How To Become Adele’s Friend

We all owe Adele’s friends a great debt – without them, her newest album 30 might have never graced our 2021. Adele says this album documents “the most turbulent period” of her life.


For many people, the last two years are likely to have been one of their most turbulent periods of life. Our lives have shifted for better or for worse – but nearly everyone has seen significant change and disruption to their expectations (who expects a global pandemic?).


Adele’s announcement of her album gives insight into what gets her through times of turbulence: her friends.


She says:

It was my ride or die throughout the most turbulent period of my life. When I was writing it, it was my friend who came over with a bottle of wine and a takeaway to cheer me up. My wise friend who always gives the best advice. Not to forget the one who's wild and says, "It's your Saturn return babes f--k it, you only live once". The friend who'd stay up all night and just hold my hand while I'd sob relentlessly not knowing why. The get up and go friend who would pick me up and take me somewhere I said I didn't want to go but just wanted to get me out the house for some vitamin D. That friend who snuck in and left a magazine with a face mask and some bath salts to make me feel loved while inadvertently reminding me not only what month it actually was but that I should probably exercise some self-care!"

And then that friend who no matter what, checked in on me even though I'd stopped checking in with them because I'd become so consumed by my own grief. I've painstakingly rebuilt my house and my heart since then and this album narrates it."

Behind an enormous star is a deep and resilient support network. Everyone wants these kinds of friends – the ones that sit with you, talk with you, listen to you, and love you.


In our work developing resilience in communities, we find that people sometimes feel reluctant to become more resilient – assuming that “resilience skills” just means that they will be asked to manage more stress in isolation. However, true resilience is never about making individuals more stress-resistant, but about changing culture and context at the most fundamental level. It’s about leaning on others, and being the kind of person others can lean on.

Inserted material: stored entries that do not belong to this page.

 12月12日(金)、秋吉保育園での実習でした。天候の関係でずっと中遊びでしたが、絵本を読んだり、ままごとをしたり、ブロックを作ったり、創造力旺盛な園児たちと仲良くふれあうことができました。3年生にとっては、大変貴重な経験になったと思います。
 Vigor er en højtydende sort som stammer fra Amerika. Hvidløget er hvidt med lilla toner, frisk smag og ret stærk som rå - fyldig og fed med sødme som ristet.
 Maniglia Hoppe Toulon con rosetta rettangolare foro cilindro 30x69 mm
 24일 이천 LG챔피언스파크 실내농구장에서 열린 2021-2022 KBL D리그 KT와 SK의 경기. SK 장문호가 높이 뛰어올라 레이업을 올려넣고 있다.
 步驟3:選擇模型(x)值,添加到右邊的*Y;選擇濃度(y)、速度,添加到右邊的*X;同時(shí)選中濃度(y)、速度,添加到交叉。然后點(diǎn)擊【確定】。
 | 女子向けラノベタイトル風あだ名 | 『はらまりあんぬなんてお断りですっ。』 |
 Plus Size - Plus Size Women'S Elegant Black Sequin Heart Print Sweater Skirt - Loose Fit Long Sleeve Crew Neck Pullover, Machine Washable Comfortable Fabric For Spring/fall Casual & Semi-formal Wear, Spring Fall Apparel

Connected resilience arises from our connection with others when we inspire resilience in each other: using empathy, interest, and encouragement to engage with the world and get the most out of life.

This means resilience is best attained through building connected communities. Resilience is not a one-man job but is instead developed through creating resilience at all levels of culture. This means having proactive conversations, supporting others, noticing when people may be going through something, and lifting into wellness together.

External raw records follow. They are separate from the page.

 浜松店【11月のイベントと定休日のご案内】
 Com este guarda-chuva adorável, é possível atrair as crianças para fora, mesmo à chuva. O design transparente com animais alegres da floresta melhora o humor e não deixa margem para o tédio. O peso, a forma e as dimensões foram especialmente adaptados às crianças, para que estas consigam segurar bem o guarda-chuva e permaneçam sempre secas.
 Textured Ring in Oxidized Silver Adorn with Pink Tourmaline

Adele has managed to build something in her friend group that speaks to the critical need of the 21st century: trustworthy community.


So how do you become like Adele’s friends?

Invest in trustworthiness

50% of people will experience a period of mental illness in their life, but only two thirds will feel confident to talk about it with someone they trust. According to reports, people who perceive themselves as having more social support are more likely to talk about their mental health, while people who feel that their support networks are weak are less likely. As well as this, studies suggest that improving knowledge about mental health can help reduce stigma and improve mental wellbeing.


Invest in your own trustworthiness by:


  1. Always showing up for people – whether by dropping off bath salts like Adele’s friend, or making good on your promise to come to their event, or even just sending a text to say you’re thinking of them. There are so many ways to show up for the people you care about.
  2. Curbing your gossip – sharing juicy gossip about others, even if your friend finds it fun in the moment, reduces your trustworthiness in their eyes.
  3. Getting comfy with vulnerability – go ahead and open up (in a way that is careful of context) about how you really feel and your values and goals. Sharing openly with a friend paves the way for them to trust you with their own vulnerabilities.

Learn about proactive and preventative care

Many approaches to caring for others can be reactive – i.e., looking out for issues and stepping in to help when you notice concerning symptoms. However, proactive friendship looks to help protect the people in their circles from developing these symptoms in the first place. Proactive and preventative care involves:


  1. Training in a strength-based system that can be used in everyday situations
  2. Creating a shared language for people to discuss their experiences more easily with each other
  3. Building solid and inclusive support networks

A true friend never gets in your way unless you happen to be going down.

All this helps to build a society where we can start to reverse the trend of mental illness by caring for each other proactively. Follow these steps, and maybe you too can contribute to the next era-shaking album. Or maybe you’ll simply make life better for the people around you, and really, that’s just as good.